Sialorrhea & aspiration control - A minimally invasive strategy uncomplicated by anticholinergic drug tolerance or tachyphylaxis

Publication date: Available online 24 October 2018

Source: International Journal of Pediatric Otorhinolaryngology

Author(s): Joseph E. Dohar

Abstract
Objective

Sialorrhea complicated by aspiration is a primary source of morbidity and mortality in neurologically impaired children. Anticholinergics are an effective treatment option, but have traditionally been considered only adjuncts due to tachyphylaxis and drug tolerance. Similarly, Botox-A® salivary gland injections are also considered adjunctive due to the need to repeat treatment every 3 months. This retrospective case series assessed these two adjunctive strategies used in combination as definitive minimally invasive primary treatment.

Methods

112 subjects diagnosed with sialorrhea and treated at Children's Hospital of Pittsburgh of UPMC between 2004 and 2011 were identified. Charts were carefully reviewed for pertinent information regarding the treatment of their sialorrhea and related outcomes.

Results

Over half of the subject undergoing BTX-A injections were able to reduce their dosage of anticholinergics after receiving injection (58%, n=28 for glycopyrrolate users and 61%, n=20 for scopolamine users).

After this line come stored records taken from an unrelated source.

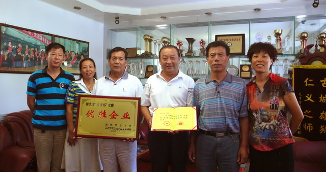 2009年8月12日上午,保定市總工會(huì)有關(guān)領(lǐng)導(dǎo)親臨我集團(tuán)公司,為我集團(tuán)公司頒發(fā)河北省“安康杯”競(jìng)賽活動(dòng)優(yōu)勝企業(yè)獎(jiǎng)牌,為集團(tuán)公司董事長(zhǎng)張?zhí)m柱同志頒發(fā)全國“安康杯”競(jìng)賽活動(dòng)優(yōu)秀組織者證書。這是我集團(tuán)公司繼榮獲河北省“AAA級(jí)勞動(dòng)關(guān)系和諧單位”后,獲得的又一殊榮,標(biāo)志著我集團(tuán)公司安全管理工作邁上了新臺(tái)階。
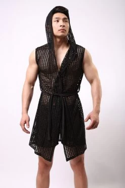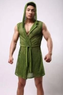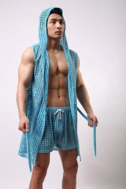 This is solid night wear for men. It is sleeveless and has a hooded collar. It is made up of 90% polyester and 10% spandex. It is a classic robe for men.
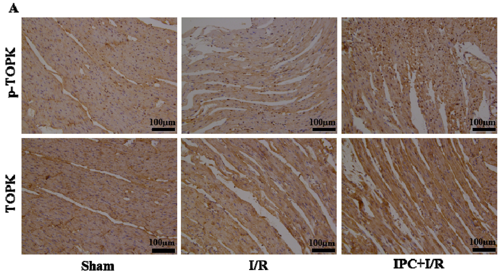 To explore the expression of TOPK in normal heart tissue and myocardium subjected to I/R injury and determine whether TOPK was significantly activated by IPC, we analyzed its expression in heart tissue following sham-operation, I/R, and IPC+I/R treatments by RT-PCR, western blotting, and immunohistochemistry (Figure 2). TOPK was observed to be significantly activated in the I/R and IPC+I/R groups, more so in the latter group. The active form p-TOPK, which was triggered by IPC and I/R, was mainly located in the nucleus. These results suggest that IPC induced protection against I/R injury, and this was accompanied by activation of the TOPK signaling pathway. Based on these results, we speculated that the activation of TOPK played a protective role against myocardial I/R injury.

Subjects experienced a significant reduction in days spent in the hospital in the year following Botox-A® injection (P-Value = 0.03), and the number of pneumonia episodes in the year following injection (P-Value = 0.04).

Conclusion

Patients treated effectively with both BTX-A injections into their salivary glands and anticholinergics neither developed neither tachyphylaxis nor drug tolerance with up to 9.6 years of continuous treatment. During the year following combined therapy, patients' average length hospital stay was reduced by a full week and the number of pneumonia episodes was statistically decreased. The failure rate of combined therapy was below that reported for any other intervention or combination of interventions in the literature. Finally, patients did not require BTX-A re-injection at the reported frequency. We hypothesize that anticholinergic medications competitively block acetylcholine attachment to post-synaptic receptors while BTX-A inhibits acetylcholine release at the pre-synaptic terminal, tachyphylaxis/drug tolerance mechanisms resulting in up-regulation of post-synaptic receptors are disrupted. Although salivary production may increase in the year following BTX-A injection, there is enough remaining activity at a molecular level to inhibit release of acetylcholine allowing salvage with anticholinergic medications at tolerable dosages.